Chicken Enchilada Casserole

My mother gave me this recipe many years ago. She acquired it after my father retired and they joined an Airstream Club. Potluck dinners were common practice at their Airstream rallies, and, living in Arizona, it soon became a family favorite. Over the years I too have taken it to many a potluck, where it’s always gone over well, and sometimes I’ll fix it at home just because I like it. It’s quick, easy to prepare and delicious.

 

CHICKEN ENCHILADA CASSEROLE

  • 4 to 6 chicken breasts, cooked and chopped*
  • 1 bag restaurant style tortilla chips
  • 1 small can diced green chilies
  • 1  cup corn
  • I can black beans
  • 2 cans cream of chicken soup
  • 1 can cream of mushroom soup
  • 1/2 cup chicken broth or water
  • 2 cups cheddar or Mexican blend cheese
  • breadcrumbs (optional)

Generously coat a 9 x 13 inch baking dish with cooking spray. Fill bottom of the pan with broken tortilla chips — about 1/4 inch thick. Add chopped chicken breasts, green chilies, corn and black beans.

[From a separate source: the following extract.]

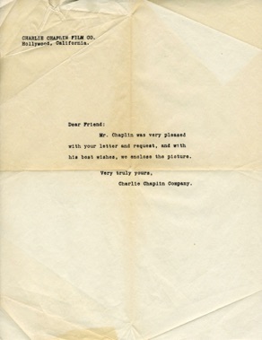 Charlie Chaplin Company fan response letter which accompanied
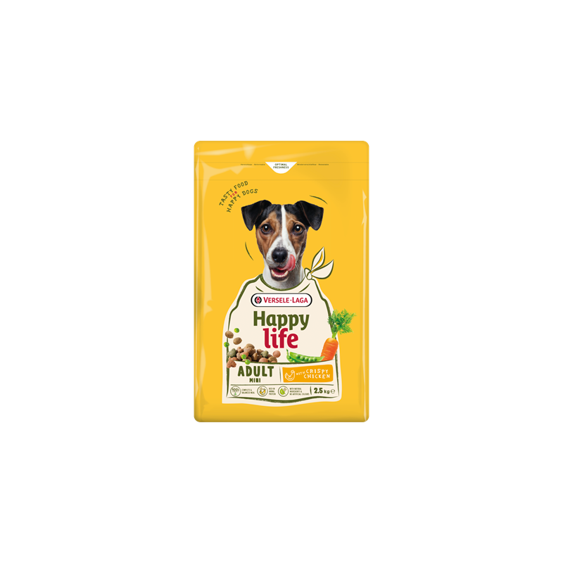 Happy Life Adult Mini cu Pui este o hrana variata si echilibrata, special conceputa pentru cainii adulti de talie mica, plini de energie. Aceasta ofera toti nutrientii necesari pentru a mentine sanatatea si vitalitatea catelului tau.

Blend soups together with chicken broth in a medium sized mixing bowl and pour over top. (If a thinner sauce is desired add more liquid.) Cover top layer with cheese and add bread crumbs, if desired. Bake at 350° for 35 to 45 minutes or until sauce is bubbling and cheese is melted and slightly browned.

Variations: For those who like it hot — use jalapeno or chipotle peppers instead of green chili peppers.

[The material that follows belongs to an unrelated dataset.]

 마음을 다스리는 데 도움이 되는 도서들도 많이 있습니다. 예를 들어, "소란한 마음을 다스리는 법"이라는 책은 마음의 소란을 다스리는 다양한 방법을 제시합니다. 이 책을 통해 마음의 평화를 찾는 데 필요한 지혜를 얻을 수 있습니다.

*2 cans chicken – 9.75 oz size may be used instead of fresh chicken

Quick and Easy Taco Soup

The other day I came across a couple cans of diced tomatoes I bought by accident as they had diced green chilies in them, and I always by the plain tomatoes.

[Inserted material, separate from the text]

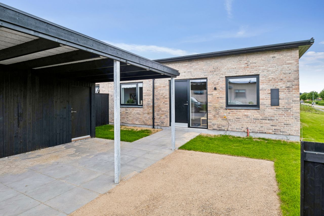 færdig hæk og græsplæne, samt et udhus til opbevaring af diverse redskaber. Carport medfølger

Just like Rosie, I don’t throw food out. I look at it as a happy accident and a chance to try something new and different. So, after browsing a few online recipes as inspiration, I came up with my own creation, and it’s so good I’ll have to make it again.

Enjoy,

GM

 

QUICK AND EASY TACO SOUP

  • 1 pound lean ground beef
  • 1 small onion, chopped
  • 2 cans diced tomatoes with green chilies (14.5 oz), OR
  • 2 cans plain diced tomatoes with one small can diced green chilies
  • 1 can corn
  • 1 can black beans
  • 1 small can tomato sauce
  • 2 cups beef broth or water
  • 1 package taco seasoning mix
  • 1 teaspoon salt (optional)
  • 1/4 teaspoon black pepper

Brown ground beef and onion in a skillet. Drain, and place in small stockpot. Add canned tomatoes, green chilies, corn, black beans and tomato sauce. Add beef broth or water and stir well. Add seasonings. Stir, bring to a boil, turn heat to low, and simmer for approximately ten minutes. Top with broken tortilla chips and cheese, or with a dollop of sour cream and chopped green onions.